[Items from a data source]
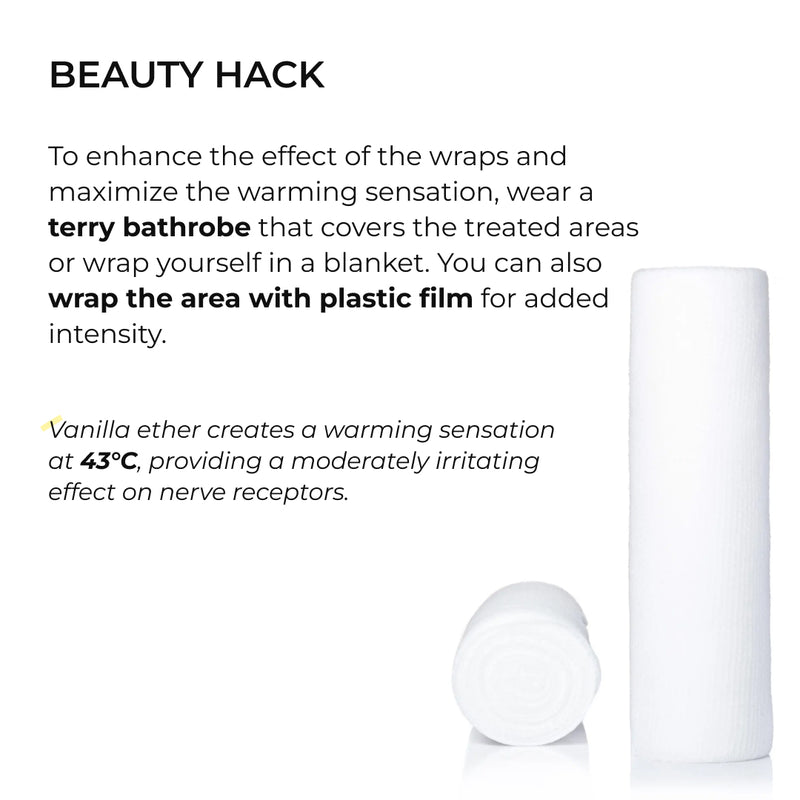 Zwróć uwagę! Produkt jest wysoko aktywny, dlatego może powodować uczucie pieczenia, które jest normalną reakcją skóry. Stopień działania rozgrzewającego bandażu waha się od umiarkowanego do silnego, w zależności od indywidualnej wrażliwości skóry. Latem wrażliwość skóry na rozgrzewające działanie ekstraktu z wanilii może być zwiększona. Jeśli odczuwasz silne pieczenie, skróć czas namaczania bandaży do 10 minut. Nie spłukuj pozostałości produktu wodą, w przeciwnym razie uczucie pieczenia nasili się. Przetarcie skóry wacikiem nasączonym olejem pomoże złagodzić uczucie pieczenia. Przecierać lekkimi ruchami bez nadmiernego nacisku. Efekt rozgrzewający utrzymuje się przez kolejne 40-60 minut po zdjęciu bandaży.
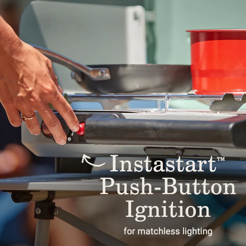 Level up your food game with the Cascade™ Collection. Perfect for those times when trail mix just won’t cut it, the Cascade 328 3-Burner Camping Stove makes it easy to cook great meals outdoors. Its durable, built-in carry handle makes it portable so you can bring it to the campsite or park. Unexpected rough weather? This stove has two guards to shield the burners and flame from the wind and Even-Temp™ burners that radiate heat equally across the 3 adjustable burners.
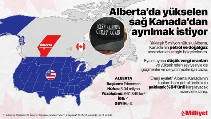 Enerji ve tarım sektöründeki gücüyle tanınan Alberta, yüksek refah seviyesi ve düşük vergi oranlarıyla biliniyor. Kanada'nın ham petrol üretiminin büyük bir kısmını karşılayan eyalette, Başbakan Danielle Smith'in ABD Başkanı Trump ile yakın ilişkiler kurma çabaları da dikkat çekiyor. Smith'in, Trump'ın olası tehditlerine karşı diğer eyalet yöneticileriyle bir araya geldiği de basına yansıdı.
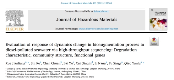 点击:近日,我院薛建良副教授课题组在环境领域TOP期刊《Journal of Hazardous Materials》(IF=9.038)上发表了题为“Evaluation of response of dynamics change in bioaugmentation process in diesel-polluted seawater via high-throughput sequencing: Degradation characteristic, community structure, functional genes”的论文。文章采用生物强化技术对模拟的海洋溢油事件进行修复,并对原生海洋环境,溢油过程以及生物强化修复过程的微生物群落结构进行了研究。
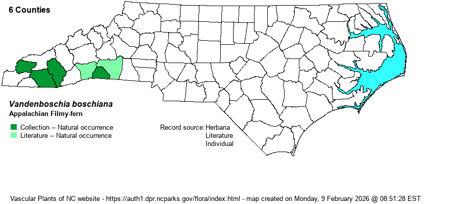 | Abundance | Quite rare and seemingly declining (or at least with very few recently documented sites), and despite records for six counties, the NCNHP has only seven records, only five still extant. Thus, it is the rarest of the four dwarf ferns (Hymenophyllaceae) in the state. It is a State Endangered species. | |
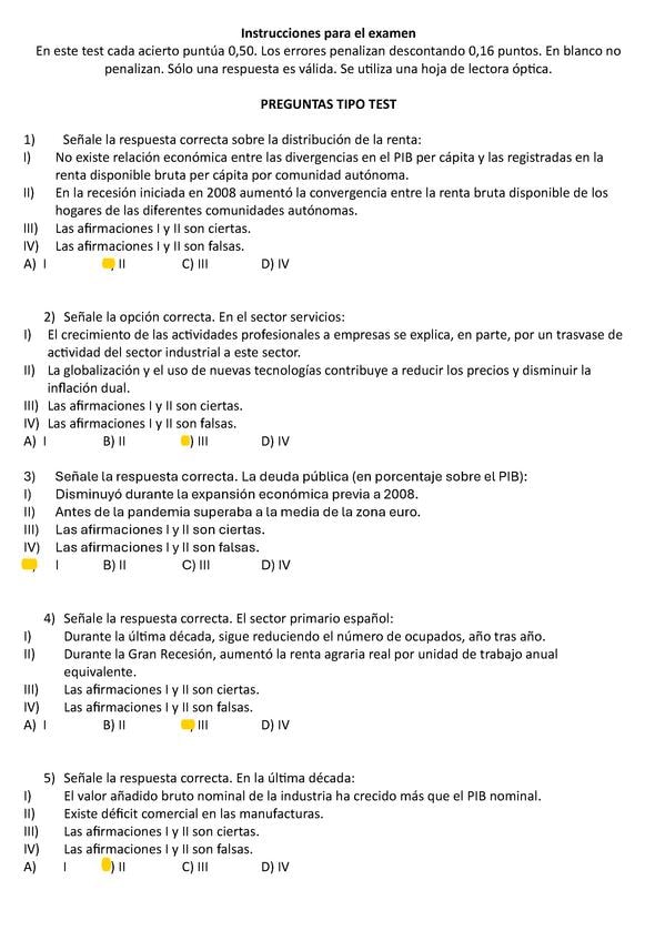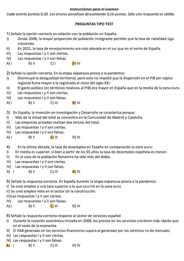 EXAMEN CORREGIDO DE LA ASIGNATURA ESTRUCTURA ECONÓMICA Y FINANCIERA DE ESPAÑA MODELO C DE LA UNED
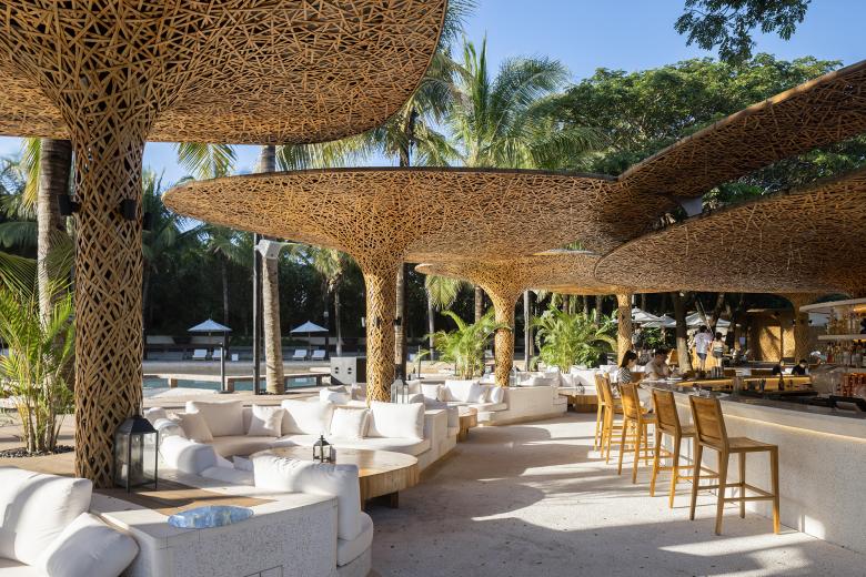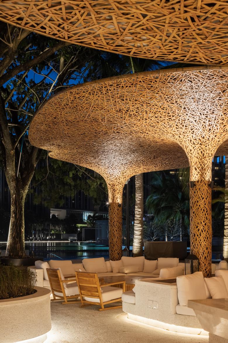 The unique color and texture of bamboo-woven structures are coupled with diffusing light to create a night vibe that the hotel appreciates, and add a touch of romance and warmth to the space.
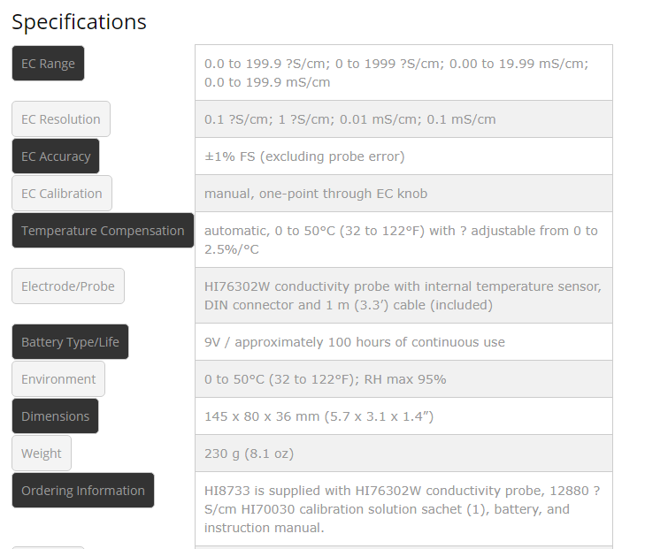 Automatic Temperature Compensation – Since temperature has such a dramatic effect on conductivity readings, having a meter that offers temperature compensated readings is invaluable. The probe of the HI8733 features a built-in temperature sensor that automatically accounts for the effects of temperature on a sample’s conductivity reading in the range of 0 to 50°C (32 to 122°F).

* [YOUR TASK]
Each record above is to be copied out exactly; its pictures are not.

* [RESPONSE TO THE EXERCISE]
 Zwróć uwagę! Produkt jest wysoko aktywny, dlatego może powodować uczucie pieczenia, które jest normalną reakcją skóry. Stopień działania rozgrzewającego bandażu waha się od umiarkowanego do silnego, w zależności od indywidualnej wrażliwości skóry. Latem wrażliwość skóry na rozgrzewające działanie ekstraktu z wanilii może być zwiększona. Jeśli odczuwasz silne pieczenie, skróć czas namaczania bandaży do 10 minut. Nie spłukuj pozostałości produktu wodą, w przeciwnym razie uczucie pieczenia nasili się. Przetarcie skóry wacikiem nasączonym olejem pomoże złagodzić uczucie pieczenia. Przecierać lekkimi ruchami bez nadmiernego nacisku. Efekt rozgrzewający utrzymuje się przez kolejne 40-60 minut po zdjęciu bandaży.
 Level up your food game with the Cascade™ Collection. Perfect for those times when trail mix just won’t cut it, the Cascade 328 3-Burner Camping Stove makes it easy to cook great meals outdoors. Its durable, built-in carry handle makes it portable so you can bring it to the campsite or park. Unexpected rough weather? This stove has two guards to shield the burners and flame from the wind and Even-Temp™ burners that radiate heat equally across the 3 adjustable burners.
 Enerji ve tarım sektöründeki gücüyle tanınan Alberta, yüksek refah seviyesi ve düşük vergi oranlarıyla biliniyor. Kanada'nın ham petrol üretiminin büyük bir kısmını karşılayan eyalette, Başbakan Danielle Smith'in ABD Başkanı Trump ile yakın ilişkiler kurma çabaları da dikkat çekiyor. Smith'in, Trump'ın olası tehditlerine karşı diğer eyalet yöneticileriyle bir araya geldiği de basına yansıdı.
 点击:近日,我院薛建良副教授课题组在环境领域TOP期刊《Journal of Hazardous Materials》(IF=9.038)上发表了题为“Evaluation of response of dynamics change in bioaugmentation process in diesel-polluted seawater via high-throughput sequencing: Degradation characteristic, community structure, functional genes”的论文。文章采用生物强化技术对模拟的海洋溢油事件进行修复,并对原生海洋环境,溢油过程以及生物强化修复过程的微生物群落结构进行了研究。
 | Abundance | Quite rare and seemingly declining (or at least with very few recently documented sites), and despite records for six counties, the NCNHP has only seven records, only five still extant. Thus, it is the rarest of the four dwarf ferns (Hymenophyllaceae) in the state. It is a State Endangered species. | |
 EXAMEN CORREGIDO DE LA ASIGNATURA ESTRUCTURA ECONÓMICA Y FINANCIERA DE ESPAÑA MODELO C DE LA UNED
 The unique color and texture of bamboo-woven structures are coupled with diffusing light to create a night vibe that the hotel appreciates, and add a touch of romance and warmth to the space.
 Automatic Temperature Compensation – Since temperature has such a dramatic effect on conductivity readings, having a meter that offers temperature compensated readings is invaluable. The probe of the HI8733 features a built-in temperature sensor that automatically accounts for the effects of temperature on a sample’s conductivity reading in the range of 0 to 50°C (32 to 122°F).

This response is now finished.